Au regard de l’ensemble de ces éléments, il convient de constater que les appelants échouent à rapporter la preuve de ce que le logement présentait un caractère indécent ou insalubre.

Il a été retenu à juste titre par le premier juge que les locataires, qui ne rapportent pas la preuve de ce que les désordres mineurs affectant le logement le rendaient inhabitable ou même limitait de quelque façon leur jouissance des lieux, ne pouvaient, sans autorisation judiciaire, opposer l’exception d’inexécution et se dispenser du règlement des loyers et des charges ; qu’il n’y a pas plus lieu à réduction du loyer ou à l’octroi de dommages et intérêts.

C’est en conséquence à juste titre, par une décision qui sera confirmée, que le premier juge a condamné les époux [U] au paiement de l’arriéré locatif d’un montant total de 26 208,86 € à la date de leur départ des lieux et qu’il a rejeté leur demande en dommages-intérêts pour un préjudice de jouissance, qui n’est nullement établi.

La décision déférée sera également confirmée en ce qu’elle a rejeté la demande de délai de paiement, dans la mesure où les locataires ont manqué depuis le début du bail à l’exécution de leur obligation de payer le loyer et les charges ; qu’ils sont en tout état de cause dans l’impossibilité d’apurer substantiellement la dette dans le délai maximal de vingt-quatre mois qui pourraient leur être consenti, étant relevé qu’il a été retenu pour le couple des revenus totaux de 1 771 € dans le cadre de leur demande d’aide juridictionnelle.

Sur les frais et dépens :

Les dispositions du jugement déféré quant au frais et dépens seront confirmées.

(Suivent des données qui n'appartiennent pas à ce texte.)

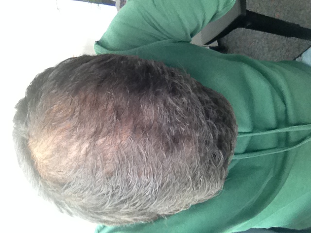 Die Haare allgemein und die dünne Bereiche (wie Tonsur) werden langsam dichter. (Vergleich IMG_5316 und IMG_5440)
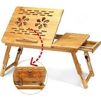 TEMPSA Laptop Table USB Fan Bed Table - PC Tablet Holder Drawer - Foldable Bamboo
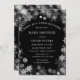 Escolha perfeita para um chá de fraldas neutro em termos de gênero. O Elegante design de quadro preto e branco apresenta uma borda de floco de neve. Todo o texto é branco.
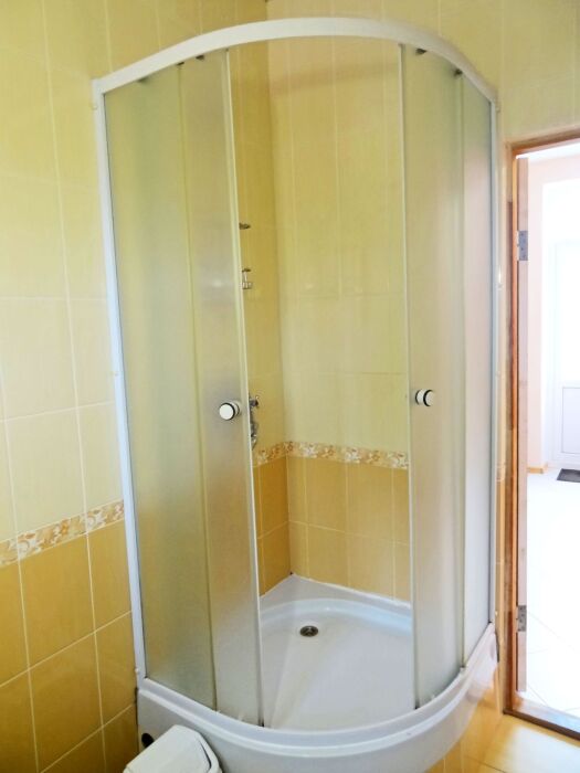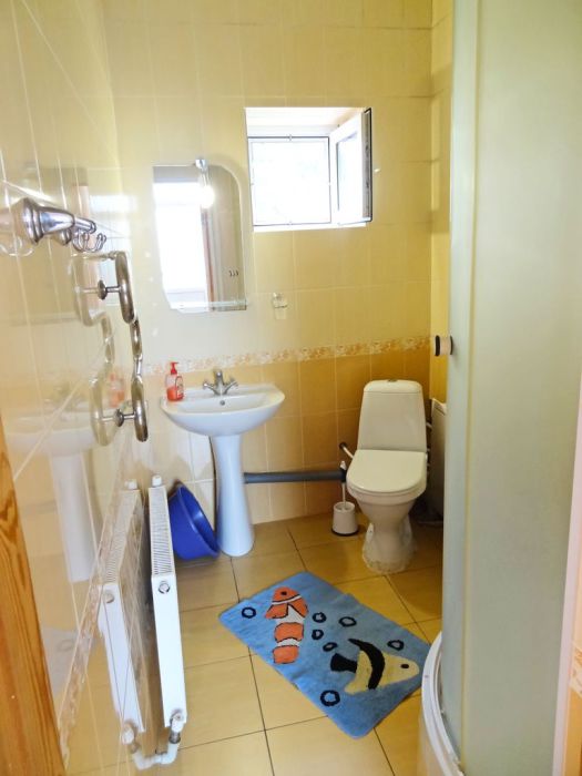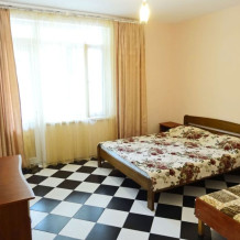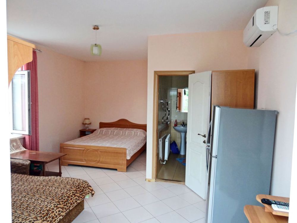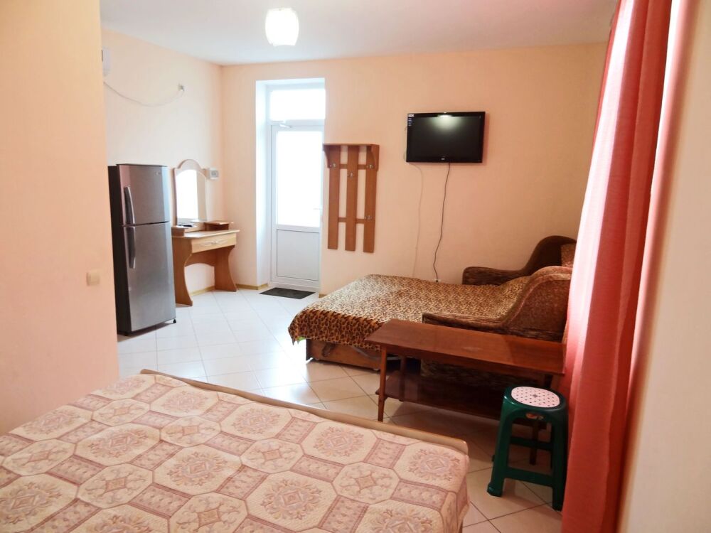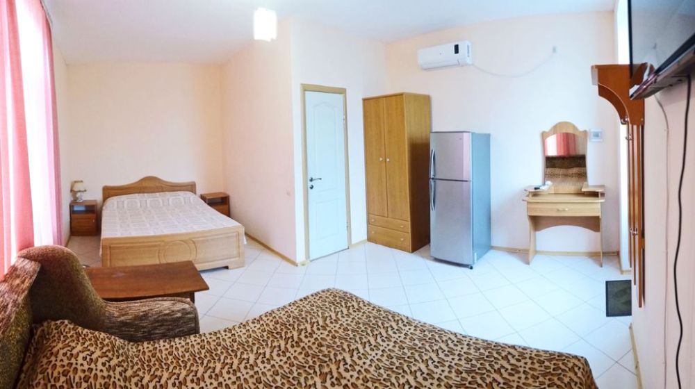 Номер находится в отдельном домике, на 2 этаже. В номере: двуспальная кровать, двухспальная софа (раскладывается), 3 тумбочки, шкаф, трюмо, телевизор (кабельное), холодильник, кондиционер, санузел (совмещенный), душевая кабина, холодная-горячая вода.
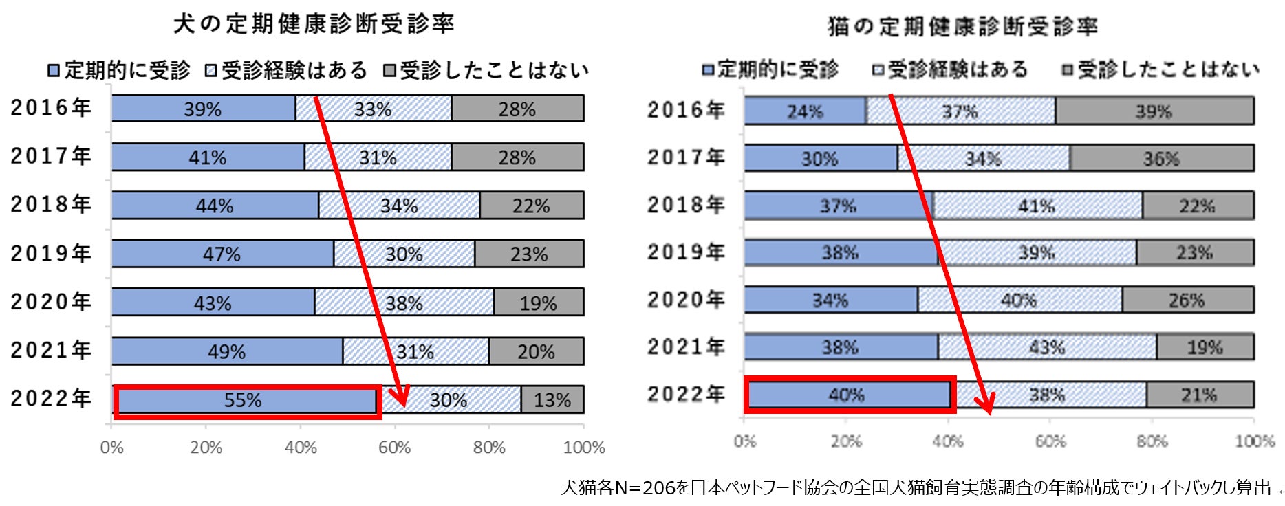 犬は55%、猫は40%がが定期健康診断を受診。ご家族の健康意識が高まり、お金をかけて健康診断を受診させる考え方が定着。
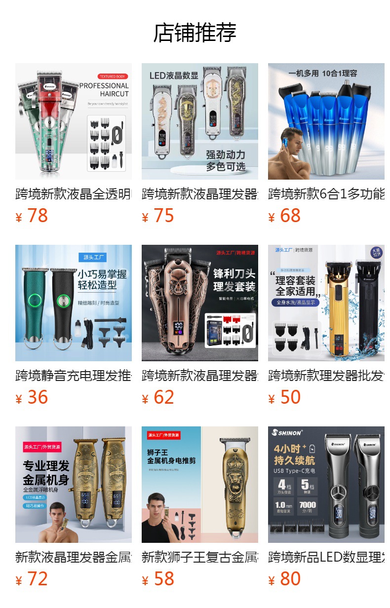 主营:理发器、剃须刀、卷发器、吹风机、女士剃毛器、磨脚器、毛球修剪器、鼻毛修剪器等小家电
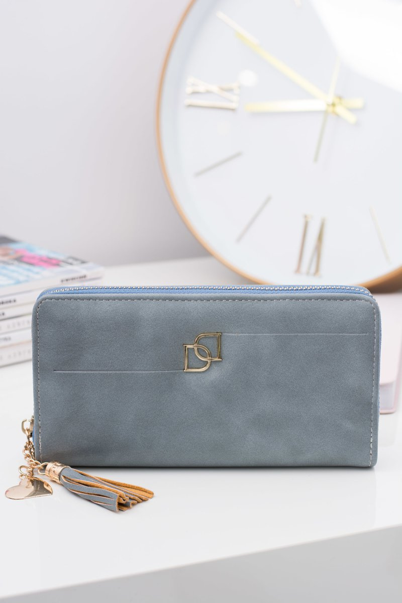 Damski Błękitny Duży Portfel z Frędzlem Brelok
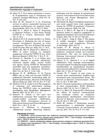 51. Li Z., Yang, C., Yang, Z., & Zhao, Y. The impact of middle managers’ digital leadership on employee work engagement //Frontiers in Psychology. - 2024. - Vol. 15.
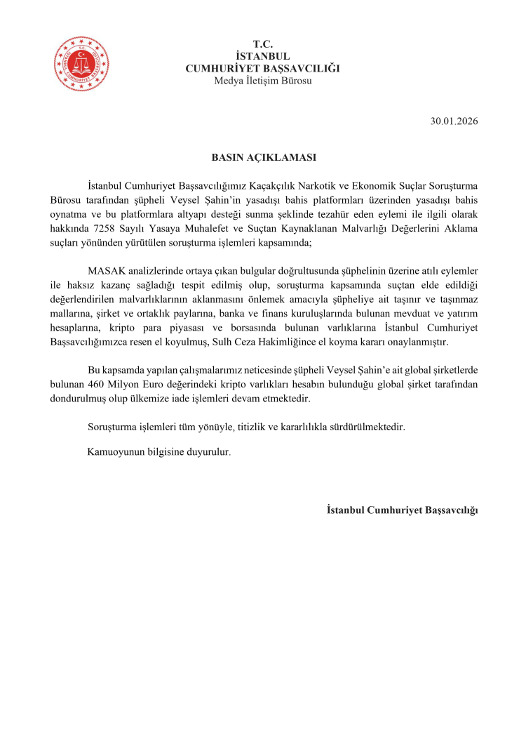 İstanbul'da yasadışı bahis soruşturmasında, 'bahis baronu' olark bilinen Veysel Şahin'in yasadışı bahis oynattığı ve kara para akladığı belirlenerek, şüphelinin mal varlıklarına el konuldu. 460 milyon Euro değerindeki kripto varlıkları ise donduruldu. Soruşturma sürüyor.

Partie perdante, Monsieur et Madame [U] seront déboutés de leur demande fondée sur l’article 700 du code de procédure civile et seront condamnés aux dépens de l’instance, conformément aux dispositions de l’article 696 du même code, sans inclusion des frais de l’article 10 du décret n° 2001-212 du 8 mars 2001.

Il sera alloué à l’intimée la somme de 1 000 € en compensation partielle des frais non compris dans les dépens qu’elle a dû exposer pour défendre ses droits en appel.

PAR CES MOTIFS

LA COUR, statuant publiquement, par arrêt contradictoire,

CONFIRME le jugement déféré,

Y ajoutant,

CONDAMNE Monsieur [M] [U] et Madame [G] [K] épouse [U] à payer à la société Somco la somme de 1 000 € par application de l’article 700 du code de procédure civile,

DEBOUTE Monsieur [M] [U] et Madame [G] [K] épouse [U] de leur demande fondée sur l’article 700 du code de procédure civile,

CONDAMNE Monsieur [M] [U] et Madame [G] [K] épouse [U] aux entiers dépens de l’instance d’appel, sans inclusion des frais de l’article 10 du décret n° 2001-212 du 8 mars 2001.